Capital Hill Lawyer takes a class, finds his voice
By Ellen Ryan | July 2008
Coming soon to a theater near you: a Washington lawyer you’ve never heard of. If that makes you raise an eyebrow, just think how it sounds to a federal prosecuter who last acted for an audience in law school 20 years ago. When “The Six Wives of Henry Lefay” opens mouths from now, amoung the leads will be Tim Allen, Elisha Cuthbert, Jenna Elfman, Paz Vega, Andie MacDowell, S. Epatha Merkerson – and Tony Quinn of Capitol Hill.
Quinn, 46, did summer-stock theater in Vermont “with a lot of Broadway types” while in collage. During law school at Emory, he acted out – literally – at the Atlanta Shakespeare Company rather than clerk or research. But at 6-foot-7, “there aren’t a lot of parts for someone my size,” he says. “’Starving artist’ was not appealing.” Quinn took a law firm job in D.C., and in 1991 he joined the Justice Department.
Chances to play to the crowd were few. “I’m a courtroom lawyer. There’s a bit of the theatrical to that,” Quinn notes, and he has performed a bit for free: as an MC at awards ceremonies and in the Department of Justice and Boy Scouts training films. Seeking other creative outlets, he wrote short stories and hid them in a drawer.
Quinn’s wife, Anne, suggested he take up voice-over work or acting again. Last year, he spent an evening at First Class (Takeaclass.org; 202-797-5102), the “center for lifelong learning” near D.C.’s Dupont Circle, at a seminar called “Getting Paid to Talk: Intro to Professional Voice-Overs.”
During the class – put on by the New York company Voice Coaches – students read from a script, get a chance to record and hear how they sound, and receive feedback on their performance. They can phone someone at the company the next day for further assessment.
“We tell the good and the bad about voice acting as a business,” says producer and marketing director Warren Garling. “Radio and TV are only 10 percent of available work.” But wait, there’s more: “Everything that needs a voice, from voicemail answering systems to videos for business [called ‘industrials’] to narration, documentaries, audiobooks – a huge growth industry – podcasts, Web voices, the Disney World tram voice, elevator recordings.”
At First Class, the next voice-over seminars are Sept. 22 and Nov. 5, 6:30-9 p.m.; tuition is $45, $35 for members. Voice Coaches (Voicecoaches.com, 866-887-2834 x 100) also teaches at Montgomery College Gaithersburg and through local public school adult-education programs.
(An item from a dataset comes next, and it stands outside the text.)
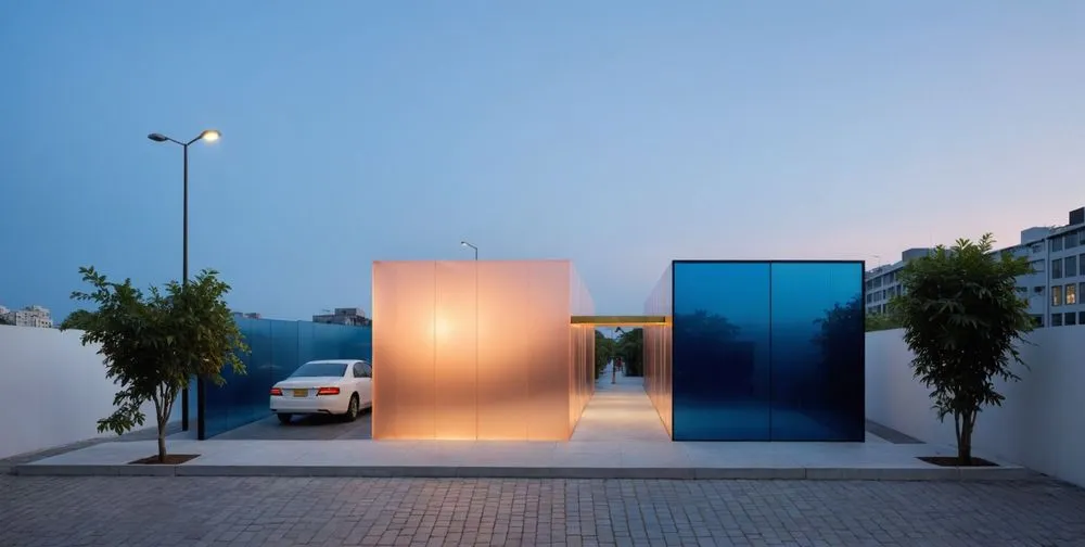 2R1B A 2R1BDA- a car is parked near two rectangular shaped concrete structures
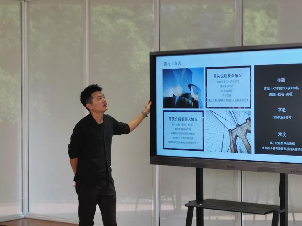 培训的第二个环节是写作训练。来自新闻学院的2019级新媒体专业硕士刘浏同学基于丰富的写稿经验,为各位信息员们梳理了通讯稿写作的基本原则与常用技巧。首先,刘浏同学提到通讯稿的三大原则——真实性、客观性和“倒金字塔”结构,帮助信息员们对通讯稿的写作有了基本的概念。刘浏同学将通讯稿分为六大类别,分别是实践通稿、党建/团建通稿、赛报、讲座/论坛/会议通稿、喜讯/喜报和人物通讯稿,,并结合实际案例样稿总结了有针对性的写作要点。最后,刘浏同学为大家介绍了《人物》、《半月谈》等优秀的媒体,鼓励大家多学、多练,在模仿中掌握技巧,在实践中提高水平。

Quinn signed on with Voice Coaches for extra training, cut a demo at an affiliate studio and circulated it. A month later, fate called.
Actually, it was Howard Michael Gould, a college friend who’d written for “Shrek the Third”, “Mr. 3000”, and hit TV shows. Gould had occasionally consulted his old buddy on such real-world concepts as “What does your office look like?” and “Where are the big mansions around Washington?” For his “Six Wives” screenplay, Gould had pictured Quinn while writing the part of a police officer. As director, he had the power to cast whoever he liked. Why not Quinn?
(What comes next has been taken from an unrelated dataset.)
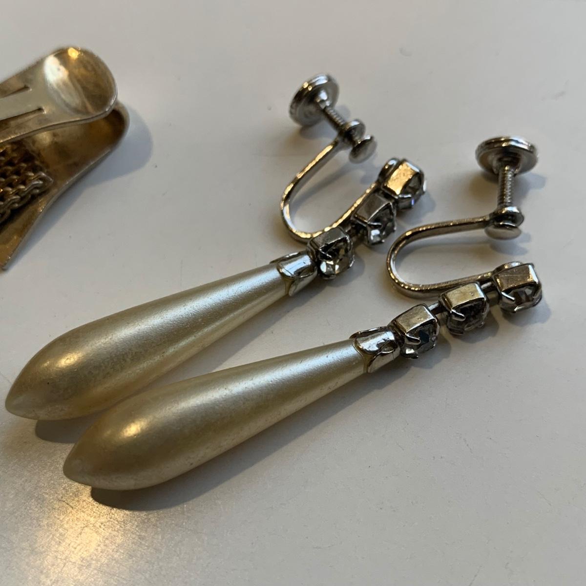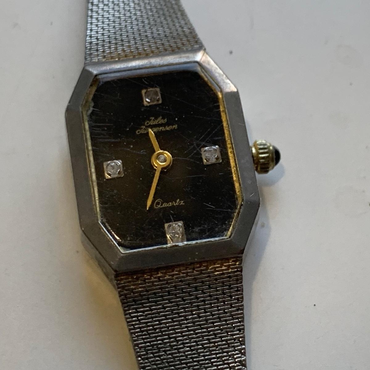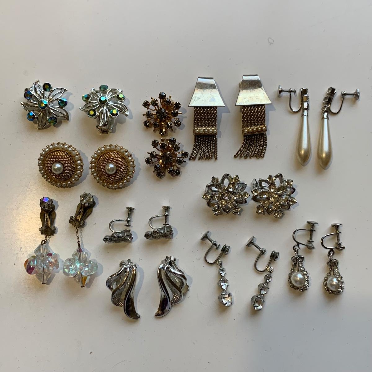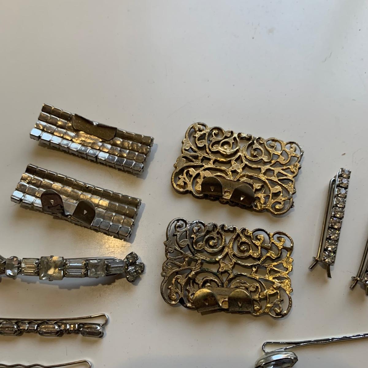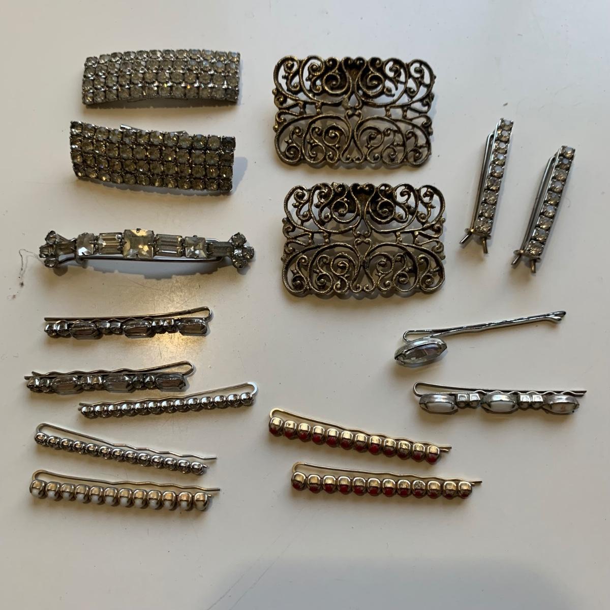 A collection of vintage style jewelry featuring gold and silver metals, Pearl-like beads, sparking stones, and more. There are 11 necklaces, five bracelets, three watches, a variety of hair clips, a locket, 10 pairs of clip/screw earrings, two matching pins, and a vintage Avon compact. The watches are: Jules Jurgensen, Timex, and Avon brands. None are currently ticking. They all have tiny gemstones on the watch face. The necklaces range in length from 14.5” to 60”. Please see photos for inventory. Any found markings are photographed.

Before filming began last fall, Quinn took voice workshops and worked with Brenna McDonough at her On Camera Training studio in Kennsington (Oncameratraining.com, 301-262-2796); her one-on-one coaching is $100 an hour. McDonough also teaches a $400 introductory course that runs three hours a week for four weeks.
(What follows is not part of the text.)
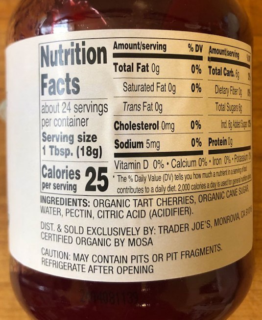 “It’s made for us with a simple recipe of tart and tangy Organic Turkish Sour Cherries, organic sugar, pectin, and citric acid, so that every jar is a genuine jubilee of pure, sweet and sour cherry flavor….” – Trader Joe’s
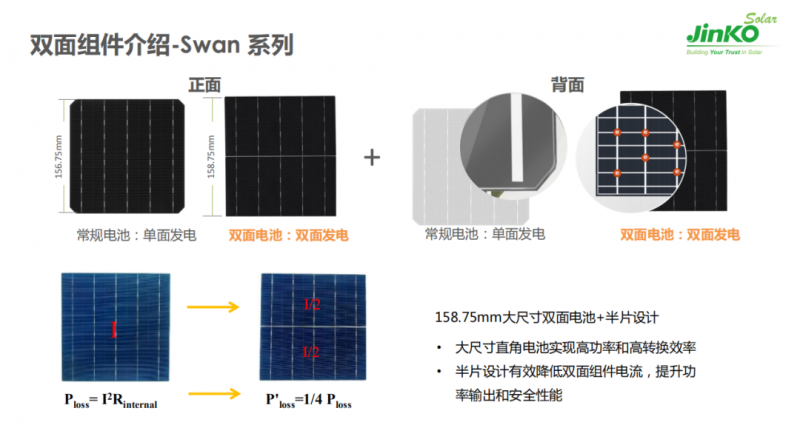 在4月2日舉行的2020首場雙面技術(shù)與應(yīng)用在線研討會(huì)上,晶科能源產(chǎn)品經(jīng)理劉曉穎表示,Swan雙面透明背板組件具有輕量化、高效率等優(yōu)勢(shì)。由于采用了158.75mm大尺寸雙面電池和半片技術(shù),在提升組件轉(zhuǎn)換效率的同時(shí),可以降低組件內(nèi)部電流,使組件的輸出功率和安全性大幅提升。

On the set, Quinn looked around, awed: “He’s won an Emmy … What was most striking was how nice they were to me. They didn’t have to be.” During two weeks of annual leave, he was paid to get fitted and made up; the production picked up his transportation, hotel room and meal costs. Besides all that, “my two paychecks I pretty much handed over to the union and Uncle Sam. But it’s better than a vacation!” Eventually, he may get residuals, too.
Clearly, luck brought Quinn the role – but talent and preparation made it possible. “I don’t know what would have happened without the First Class,” he says. “Would I have had the confidence otherwise?”
Lucky breaks aside, voice-over work is rarely a full career. Wannabes pay for training, demos and studio time. According to the Washington/Baltimore office of American Federation of Television and Radio Artists and Screen Guild, union members making a local commercial earn at least $279 for a 90-minute radio recording session. For a two-hour off-camera session, the minimum is $533. For an eight-hour, on-camera session, the minimum is $722. Any residuals are extra.
“This is a fallback. I have no plans to leave my job,” Quinn says. But he’s approaching 20 years of government service, which means a second career could prove irresistible. “If someone sees the film and is eager to hire me,” he says with a grin, “I’m open.”